- SUPPLIED INFORMATION
Segment Open

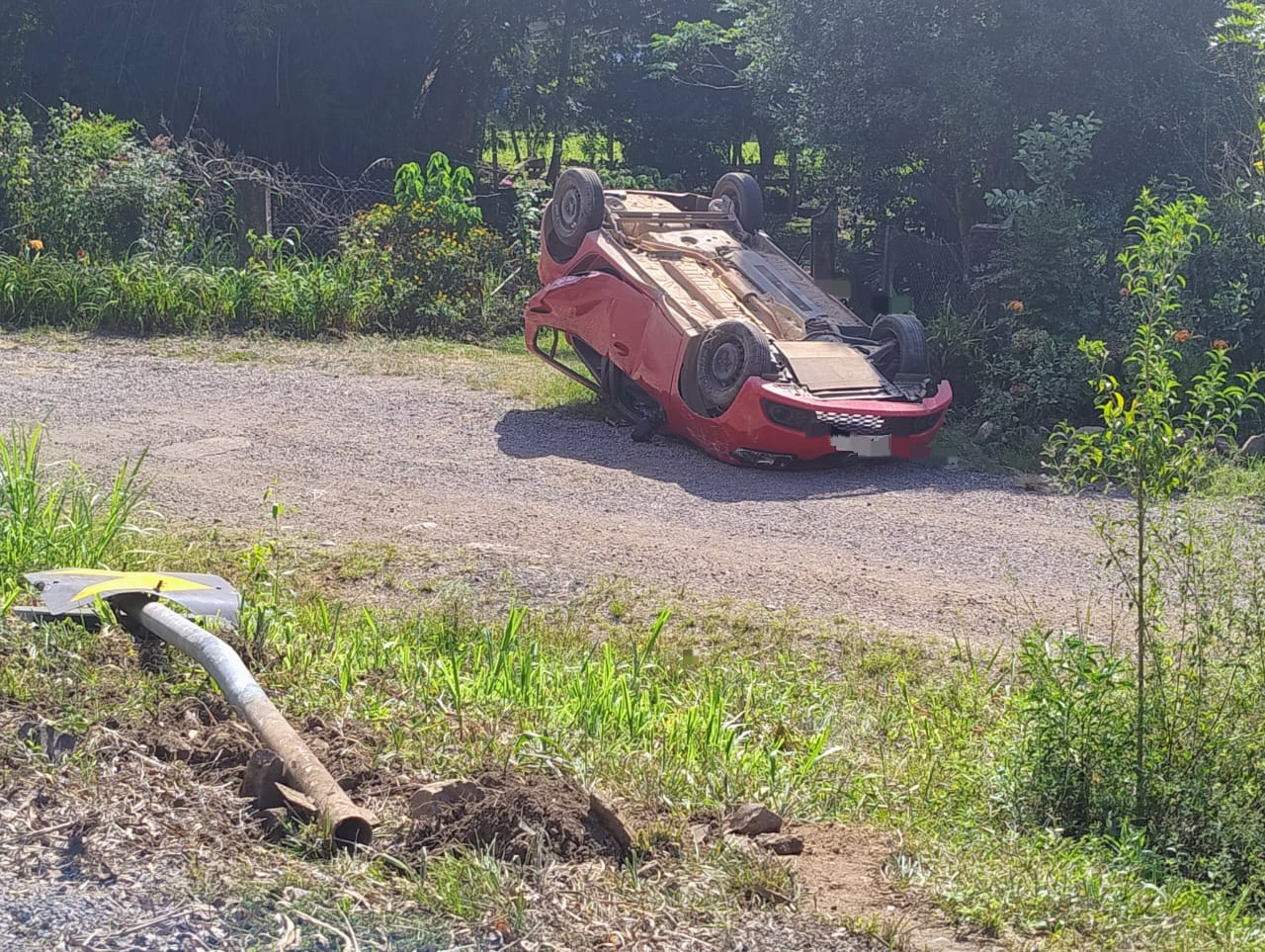 Na tarde desta segunda-feira , 3 de março, um carro saiu da pista e capotou no km 127 da BR-116, na localidade de Pedras Brancas, logo após a antiga praça de pedágio. O acidente envolveu um Renault Sandero, com placas de São Marcos, que acabou parando fora da rodovia, na entrada de uma residência, com as rodas viradas para cima.
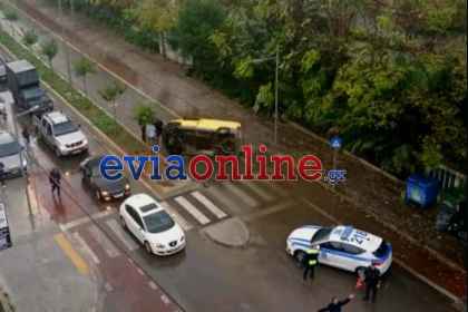 Ανατροπή Ι.Χ. έξω από την Αστυνομική Διεύθυνση Ευβοίας στη Χαλκίδα
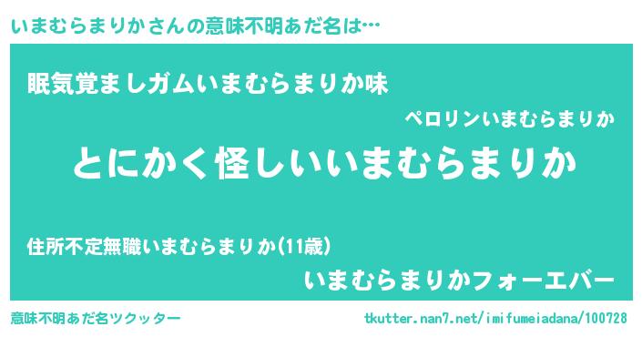 | 男性向けラノベタイトル風あだ名 | 『いまむらまりかの嫁は女の子じゃないと思った?』 |

Segment Closed

- WHAT YOU WILL DO
An unchanged copy of the data, images excluded, is all that should be given.

- SOLUTION
 Na tarde desta segunda-feira , 3 de março, um carro saiu da pista e capotou no km 127 da BR-116, na localidade de Pedras Brancas, logo após a antiga praça de pedágio. O acidente envolveu um Renault Sandero, com placas de São Marcos, que acabou parando fora da rodovia, na entrada de uma residência, com as rodas viradas para cima.
 Ανατροπή Ι.Χ. έξω από την Αστυνομική Διεύθυνση Ευβοίας στη Χαλκίδα
 | 男性向けラノベタイトル風あだ名 | 『いまむらまりかの嫁は女の子じゃないと思った?』 |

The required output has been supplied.